Personne, si ce n’est peut-être M. Wronski, n’a pu prendre le change, sur l’opinion que j’ai manifestée aux pages déjà citées de ce volume ; chacun a compris clairement que ce que j’énonçais sous la forme de doute, était chez moi le résultat d’une entière conviction ; et que, si je n’avais pas mis, en titre de mes articles : Réfutation de la méthode proposée par M. Wronski, etc., c’était par pure courtoisie ; que c’était la un de ces ménagemens que prescrit l’urbanité française, mais qui paraissent être tout à fait étrangers à M. Wronski. Il prétend, dans son ouvrage, avoir donné le premier une méthode de résolution des équations qu’on ne soit pas obligé de modifier pour le quatrième degré ; j’ai dû observer que Bezout l’avait fait avant lui ; et qu’en outre ce géomètre avait réparti les racines de l’unité, entre les diverses valeurs de l’inconnue, de la manière qu’il le fait lui-même. Quant à la distinction que M. Wronski cherche à établir, entre la forme et la nature des racines, j’avoue que je ne la comprends pas bien nettement, et qu’il me semble même que la forme des racines d’une équation en détermine aussi la nature. Si pourtant il entend par là qu’il a été le premier à apercevoir que chaque racine, devait renfermer des radicaux de son degré et de tous les degrés inférieurs, il se trompe encore en ceci ; car Bezout, en particulier, a pris beaucoup de soin à mettre cette vérité dans tout son jour.

Je n’ai pas seulement donné la méthode que j’ai cru devoir substituer à celle de M. Wronski comme plus courte et plus directe ; je l’ai principalement présentée comme portant avec elle sa démonstration, c’est-à-dire, en d’autres termes, comme n’étant point une énigme. Du reste, partant du même point que M. Wronski, tendant au même but que lui, admettant tout ce qu’il admet et uniquement ce qu’il admet, ne faisant enfin que des calculs rigoureux et conformes à la composition connue des équations ; tout le monde conviendra, je pense, que, si mon procédé n’obtient pas de succès, le sien ne saurait en obtenir davantage ; à moins cependant qu’il n’ait découvert, entre les racines de l’unité, des relations inaperçues jusqu’à lui ; ce qu’il ferait bien alors re nous révéler.

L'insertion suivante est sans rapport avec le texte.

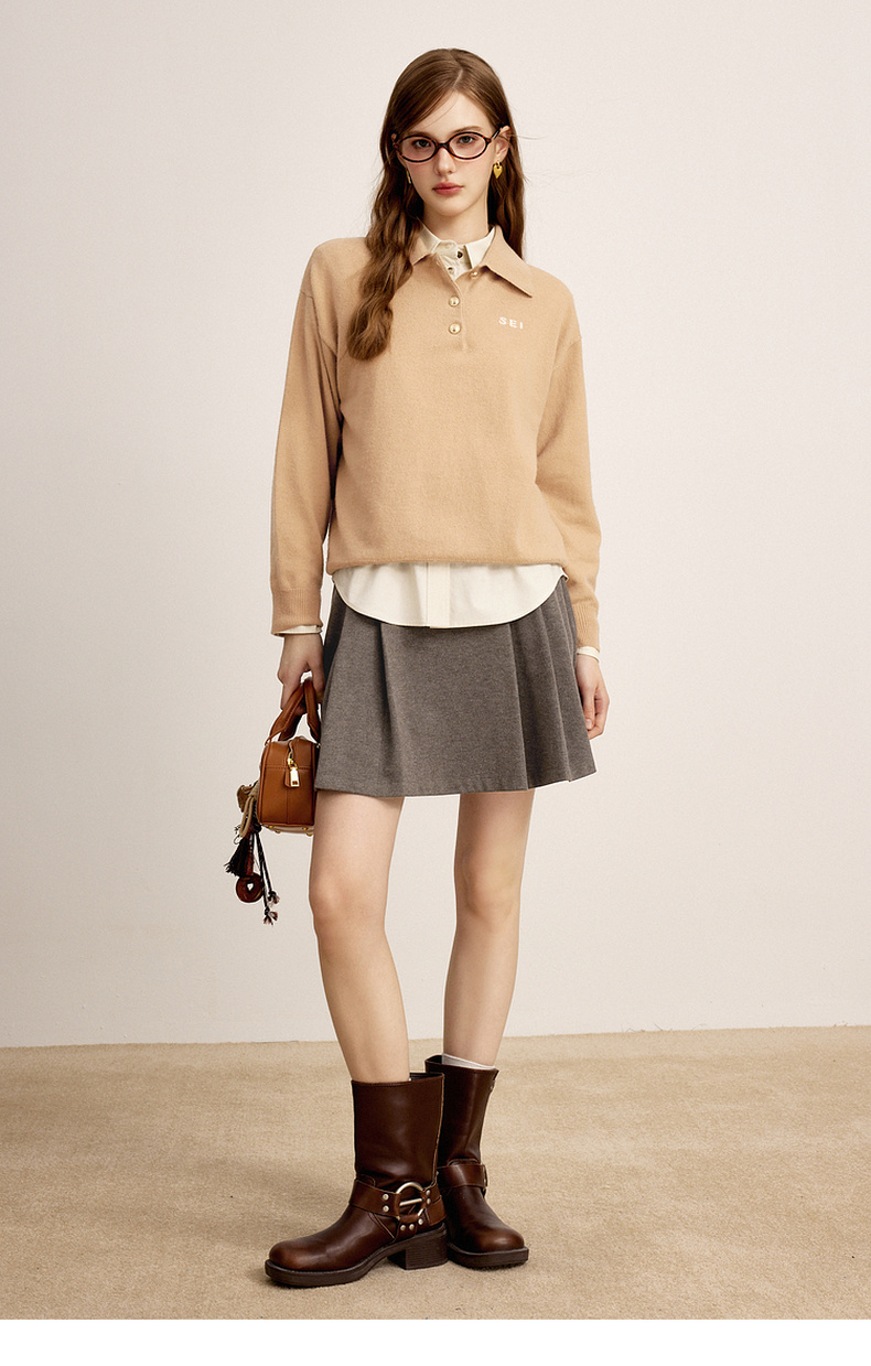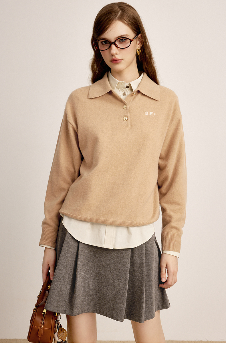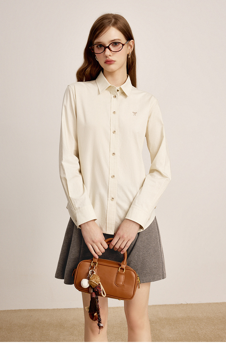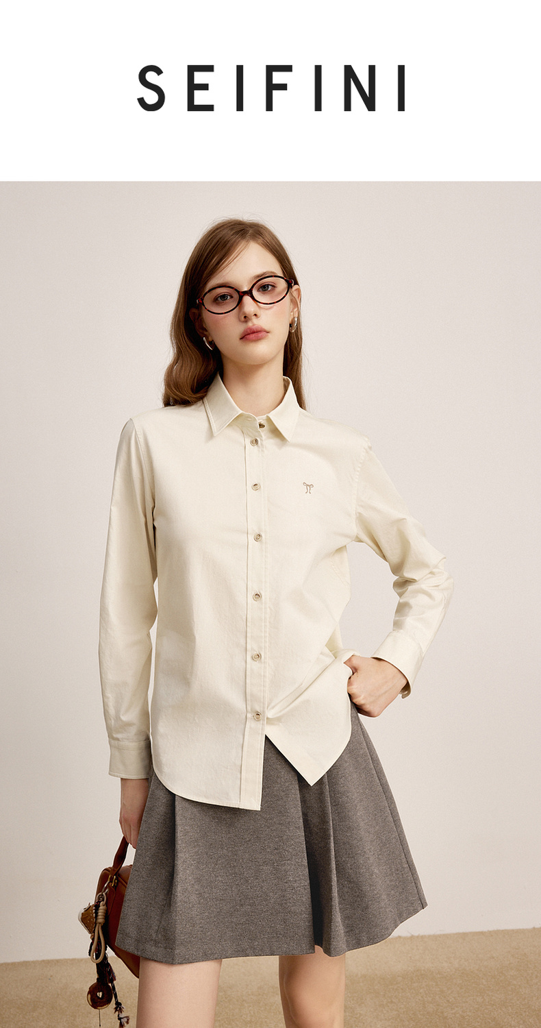 【商场同款】诗凡黎纯色翻领休闲衬衫2024冬新款小衫女3FA422731R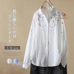 ダブルガーゼ シャツ レディース 綿 ブラウス 長袖 白シャツ コットン シャツ ワイシャツ コットンガーゼ 白 ホワイト ナチュラル 柔らか ゆっ
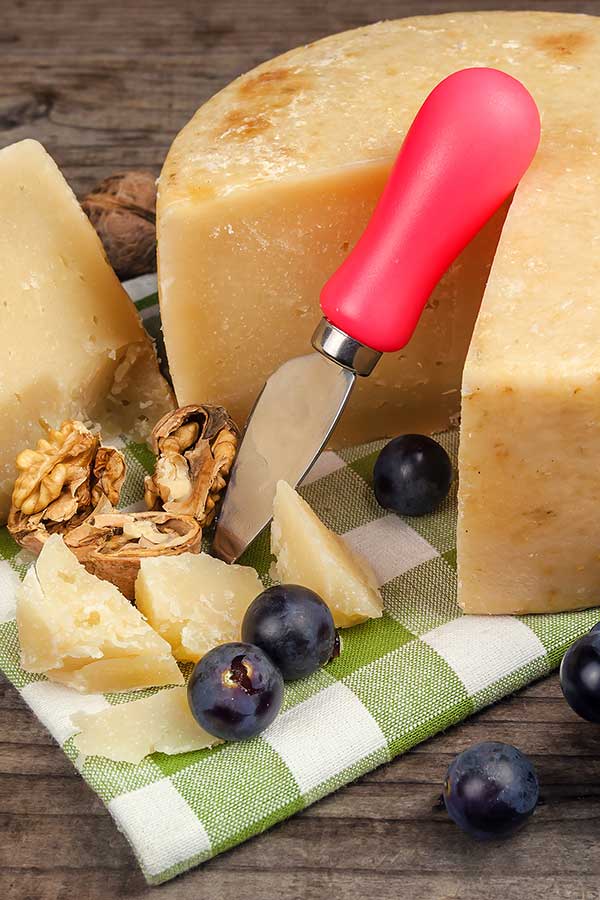 Als Pecorino bezeichnet man verschiedene Hartkäsesorten aus Italien, die aus Schafsmilch hergestellt werden. Heutzutage kann aus Kostengründen auch Ziegen- und Kuhmilch mit verwendet werden. Wie hoch der Anteil von Schafsmilch im Pecorino ist, kann man auf dem Etikett lesen. Nach wie vor werden die Sorten, Pecorino-  Sicilano-, Toscano-, Romano- oder Sardo Käse aus Schafsmilch hergestellt. Der Pecorino Romano war sogar schon vor über 2000 Jahren bekannt und wurde zu Rotwein genossen. Selbst bei den Legionären im alten Rom, war er ein fester Bestandteil der damaligen Verpflegung. Man bekommt Pecorino in drei Reifegraden zu kaufen. Der Frische, der Mittelreife und der Durchgereifte. Sein Geschmack wird mit der Reife immer kräftiger und würziger. Dieser Käse eignet sich, genau wie Parmesan, zum puren Genuss aber auch gehobelt zu Salaten, Pasta und Gnocchi oder zum Überbacken und zur Pesto Herstellung.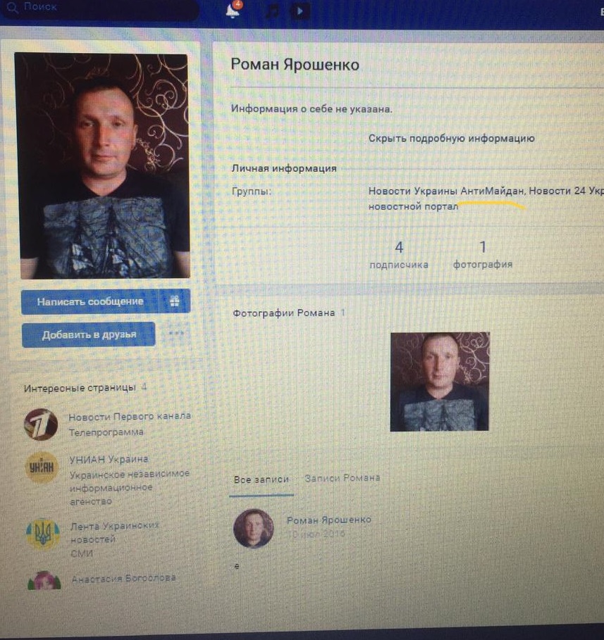 К этому замечательному «бело-сердечному» торту есть еще и одна новая вишенка. Сравните два фото. Вот зам главы Богодуховского райсовета Роман Ярошенко. А вот активный участник группы «АнтиМайдан» в «Фейсбуке», тоже наш герой.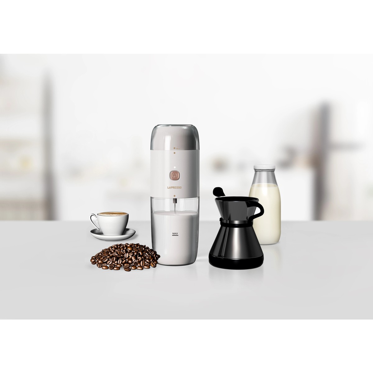 LePresso 2’si 1 Arada Kablosuz Kahve Öğütücü ve Süt Köpürtücü, Şarjlı Taşınabilir Tasarım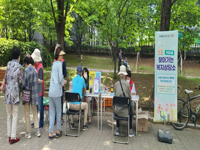 [부자동네타임즈 김인수기자] 고양특례시 주엽1동 행정복지센터는 일자리지원센터와 협력하여 지난 25일, 강선공원에서 복지사각지대 발굴을 위한‘찾아가는 복지상담소’를 운영했다.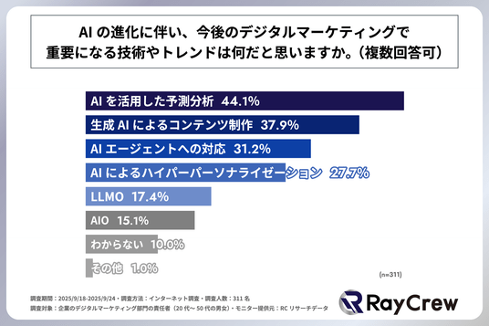 調査の最後、「AIの進化に伴い、今後のデジタルマーケティングで重要になる技術やトレンド」を尋ねる設問への回答では、1位が「AIを活用した予測分析」で44.1%、2位が「生成AIによるコンテンツ制作」で37.9%、3位が「AIエージェントへの対応」で31.2%という結果になりました。この結果から、AIの進化に伴い、デジタルマーケティング部門の責任者が考える今後のデジタルマーケティングで重要になる技術やトレンドで最も多いのは、「AIを活用した予測分析」であることが明らかになりました。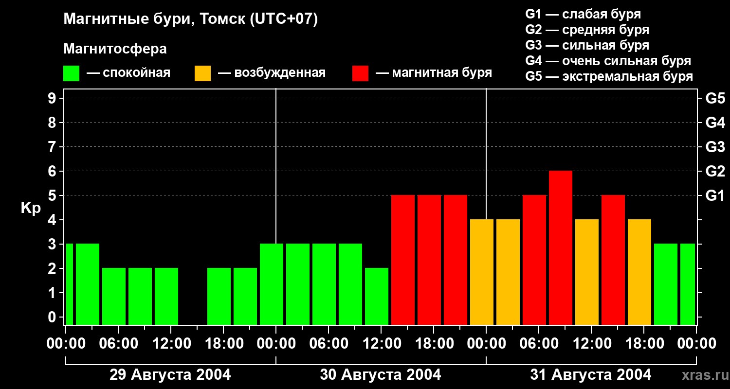 Изменения геомагнитного индекса Kp с 29 по 31 августа 2004 года для средних широт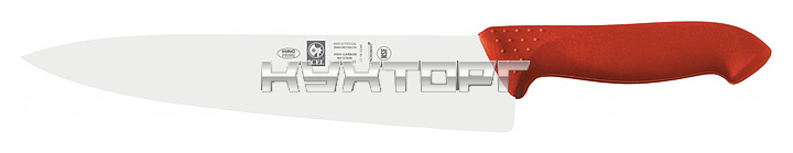 Поварской нож ICEL Horeca Prime Chef's knife 28400.HR27000.250 оснащен эргономичной ручкой красного цвета из приятного на ощупь пластика Proflex, устойчивого к высоким температурам и воздействию агрессивных элементов, и заточенным вручную лезвием, выполненным из высококачественной нержавеющей стали X50CrMoV15 с добавлением хрома, молибдена и ванадия. Твердость стали, закаленной по специальной технологии, составляет более 56 HRC. Ручка, изготовленная по системе инжекции, имеет специальную антибактериальную защиту Microban.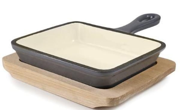 Корпус прямокутної сковороди та ручка виготовлені із чавуну, який покритий емаллю. Також чавун це екологічно чистий та безпечний матеріал, який не виділяє токсичних речовин у процесі смаження.
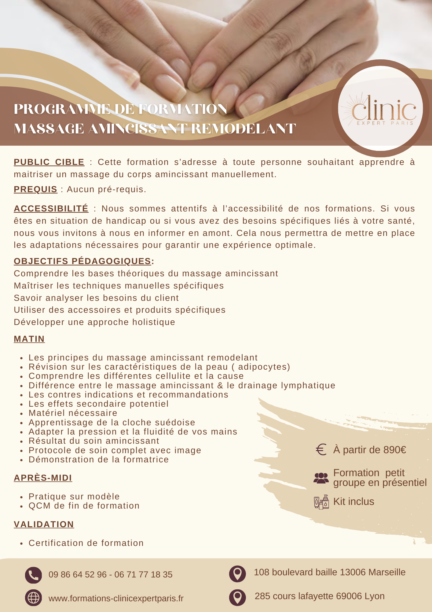 Cette formation permet d’apprendre à réaliser un massage amincissant remodelant manuel complet et à travailler sur des zones plus disgracieuses telles que les cuisses, le ventre, les fesses, les hanches et les bras. Vous apprendrez la bonne posture et à vous focaliser sur la précision des gestes, car le massage doit être fluide tout en étant suffisamment appuyé pour être efficace pour vos futurs clients.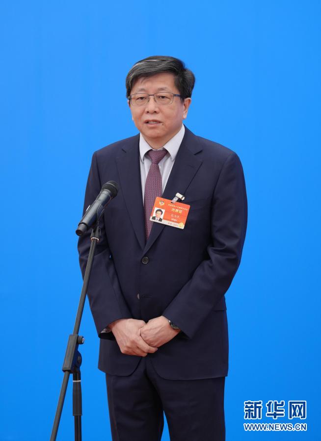 3月4日,全國政協(xié)十三屆四次會議第一場“委員通道”采訪活動在北京人民大會堂新聞發(fā)布廳舉行。這是全國政協(xié)委員朱征夫通過網(wǎng)絡(luò)視頻方式接受媒體采訪。新華社記者 李賀 攝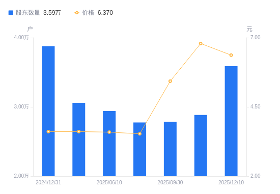 12月11日消息,数据显示,截至2025年12月10日,*ST正平A股股东总户数为3.59万户,较上期(2025年10月31日)增加7040户,增幅24.40%。公司最新A股总股本为7亿股,其中流通A股7亿股,户均持有流通A股数量为1.95万股,较上期减少4757.72股,降幅19.62%;户均持流通A股市值12.42万元,较上期减少4.05万元,降幅24.59%。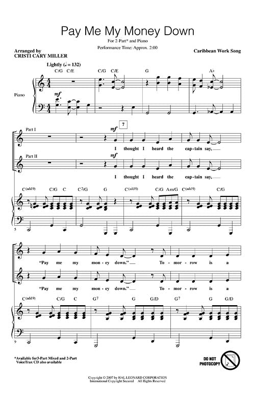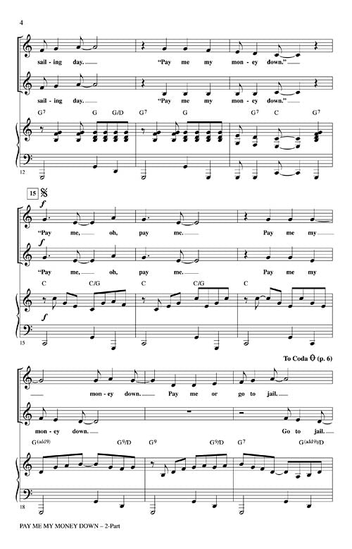 This Title Comes In Quantities Of Five (5) Copies(1 Order=5 Copies) Pay Me My Money Down 2-Part Arranger: Cristi Cary Miller Item# 08551938 Sheet MusicRegular price $20.99 -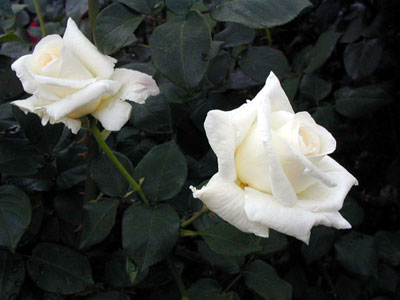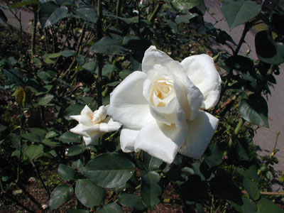カリフォルニアにあるシャスタ山が名の由来で、堂々とした花の白さが雪をいただく山を思わせます。中心は淡いクリーム色。つぼみは外側に淡いピンクのぼかしがかかることがある。葉は鈍い緑色。白バラのわりには強健です。

M. Wronski, en se retranchant derrière ses équations fondamentales, prend, en effet, un poste très-sûr, dans lequel il y a peu d’apparence que personne soit jamais tenté de l’aller forcer ; la méthode, au contraire, l’oblige à combattre à découvert, et voilà sans doute pourquoi il la rejette.

En résumé, que M. Wronski déduise, soit de sa méthode, soit de toute autre qu’il lui plaira d’employer, et qu’il pourra même tenir secrète, si cela lui convient, une réduite rationnelle pour le 5.me degré, conditionnée comme il annonce qu’elle doit l’être, et dès-lors je m’avoue vaincu ; j’ajoute que, pour l’intérêt de la science, je désire vivement que la provocation solennelle que je lui adresse tourne à ma confusion et à sa gloire. Il pourra à la vérité paraître humiliant à un esprit aussi supérieur que le sien, de s’abaisser à des détails d’application, dignes tout au plus des Euler, des Vandermonde et des Lagrange ; aussi sera-ce là l’épreuve unique que je réclamerai de sa complaisance ; mais encore faut-il bien qu’il justifie sa mission.

Que si, au contraire, M. Wronski persiste à s’envelopper de ténèbres, et à ne nous offrir que des promesses ; s’il se borne, ainsi qu’il l’a fait jusqu’ici, à expliquer des énigmes par d’autres énigmes ; si en un mot il néglige de légitimer ses assertions par des calculs rigoureux ; je serai autorisé à penser qu’il écrit dans des vues tout à fait étrangères à la science, et fondé conséquemment à ne plus donner, à l’avenir, aucune attention à ses productions.

  1. J’ai donné quelques développemens, sur ce sujet, dans le Recueil de l’académie du Gard pour 1808, pages 265 et suivantes.